No easy answers

August 29, 2017

Early this morning my phone was buzzing with notifications from all the various news apps following the North Korean launch of a missile that crossed over Japan. While this is not unprecedented it does come at a time where the Trump administration is dealing with a seemingly endless list of problems. This morning while driving to the office I flipped between CNBC & Bloomberg and heard a bunch of "experts" discussing what the US needs to do to deal with North Korea. Yesterday driving home they were talking about the difficulties the president will face getting any sort of meaningful tax reform accomplished this year. Prior to that it was health care reform.


There is one common theme with all of these issues -- there are no easy answers.
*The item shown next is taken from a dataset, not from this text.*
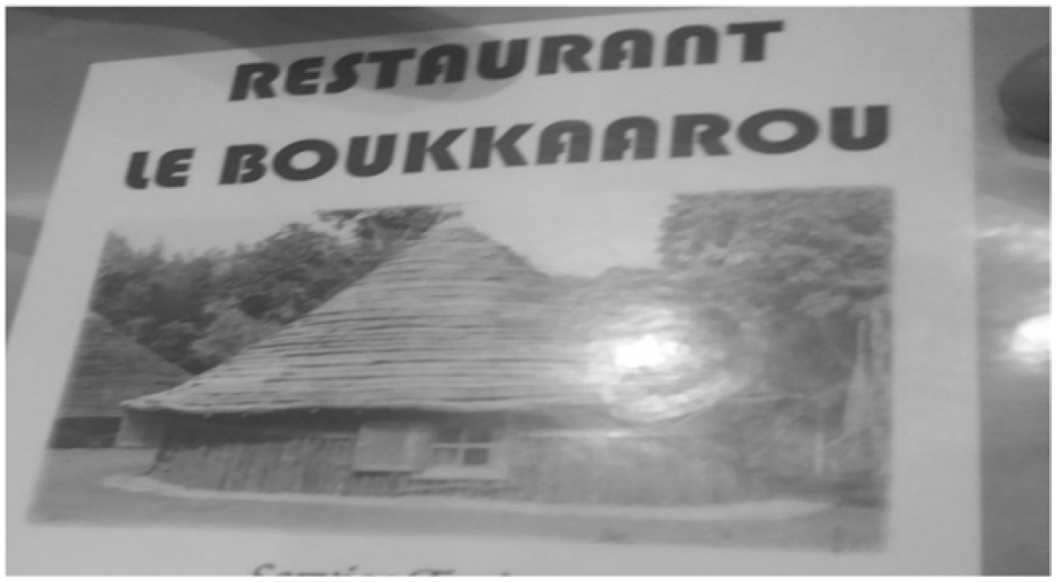 Fig. 16, a poster showing “Restaurant Le Boukkaarou,” is a word of Fulani origin which has been integrated into the French language. It refers to a type of thatched hut covered with hay. It resembles the “Restaurant Boukkaarou” which is here at stake.

I've been amazed by the parade of clients, either in person or via the phone, all of which a few years ago wanted to take very little risk in their portfolios, declaring their confidence in the stock market. They all see little that can derail the upward trajectory of the S&P 500 and want a piece of it. My warning to them has been the same --- minus a very small group of people that were labeled "crazy" and nearly forced out of the money management business, very few people saw any sort of risk in the market in 2007 or 1999.  In nearly all bear markets the event that starts the selling seems minor at the time and as it evolved turned into something few had expected a few short months earlier.


I may be wrong and the market could continue its march higher the rest of the year and well into next year. However, my experience and study of market history tells me the market will not go straight up forever and we will hit a time where the market losses grow larger than most people can handle (even if they tell us today they can handle them.) When you combine a streak of large losing months or quarters with the negative headlines that will be prevalent during that time, our emotions take over and selling begins to accelerate.


With SEM you get the best of both worlds. We are still exposed to the market in our growth programs, albeit not as much as we were a few months back, but still over 60%. The difference is we are monitoring this exposure DAILY and MONTHLY for signs of weakness and if the models say to get out, we'll get out. No emotions, no guessing.